→ **Excerpted records**
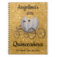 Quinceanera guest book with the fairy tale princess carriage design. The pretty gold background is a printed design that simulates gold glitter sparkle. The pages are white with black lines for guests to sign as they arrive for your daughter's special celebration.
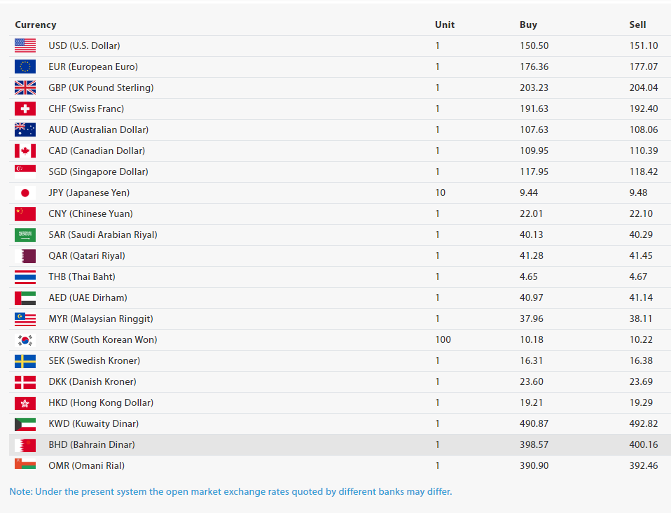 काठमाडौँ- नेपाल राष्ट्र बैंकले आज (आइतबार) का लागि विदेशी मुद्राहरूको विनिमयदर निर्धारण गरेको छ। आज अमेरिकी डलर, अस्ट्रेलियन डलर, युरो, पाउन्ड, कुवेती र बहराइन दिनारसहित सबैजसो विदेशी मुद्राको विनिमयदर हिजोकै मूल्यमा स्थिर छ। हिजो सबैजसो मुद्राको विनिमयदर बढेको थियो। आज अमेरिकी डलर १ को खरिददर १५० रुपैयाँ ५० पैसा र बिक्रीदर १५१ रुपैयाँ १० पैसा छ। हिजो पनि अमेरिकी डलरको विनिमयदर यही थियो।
==
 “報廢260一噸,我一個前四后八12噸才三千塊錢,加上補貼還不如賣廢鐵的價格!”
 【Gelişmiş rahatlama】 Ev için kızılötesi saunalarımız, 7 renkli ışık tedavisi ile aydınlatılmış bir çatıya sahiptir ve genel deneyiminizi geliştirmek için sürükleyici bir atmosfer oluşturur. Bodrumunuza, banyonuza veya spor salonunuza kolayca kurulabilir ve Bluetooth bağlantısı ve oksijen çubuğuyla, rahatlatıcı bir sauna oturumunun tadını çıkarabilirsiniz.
==
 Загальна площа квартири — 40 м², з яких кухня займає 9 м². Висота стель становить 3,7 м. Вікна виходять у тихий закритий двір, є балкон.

→ **Problem**
Your answer is the exact run of lines above from the one with "Quinceanera guest book" through the one with "काठमाडौँ- नेपाल राष्ट्र", both ends included, minus any picture.

→ **Response to this task**
 Quinceanera guest book with the fairy tale princess carriage design. The pretty gold background is a printed design that simulates gold glitter sparkle. The pages are white with black lines for guests to sign as they arrive for your daughter's special celebration.
 काठमाडौँ- नेपाल राष्ट्र बैंकले आज (आइतबार) का लागि विदेशी मुद्राहरूको विनिमयदर निर्धारण गरेको छ। आज अमेरिकी डलर, अस्ट्रेलियन डलर, युरो, पाउन्ड, कुवेती र बहराइन दिनारसहित सबैजसो विदेशी मुद्राको विनिमयदर हिजोकै मूल्यमा स्थिर छ। हिजो सबैजसो मुद्राको विनिमयदर बढेको थियो। आज अमेरिकी डलर १ को खरिददर १५० रुपैयाँ ५० पैसा र बिक्रीदर १५१ रुपैयाँ १० पैसा छ। हिजो पनि अमेरिकी डलरको विनिमयदर यही थियो।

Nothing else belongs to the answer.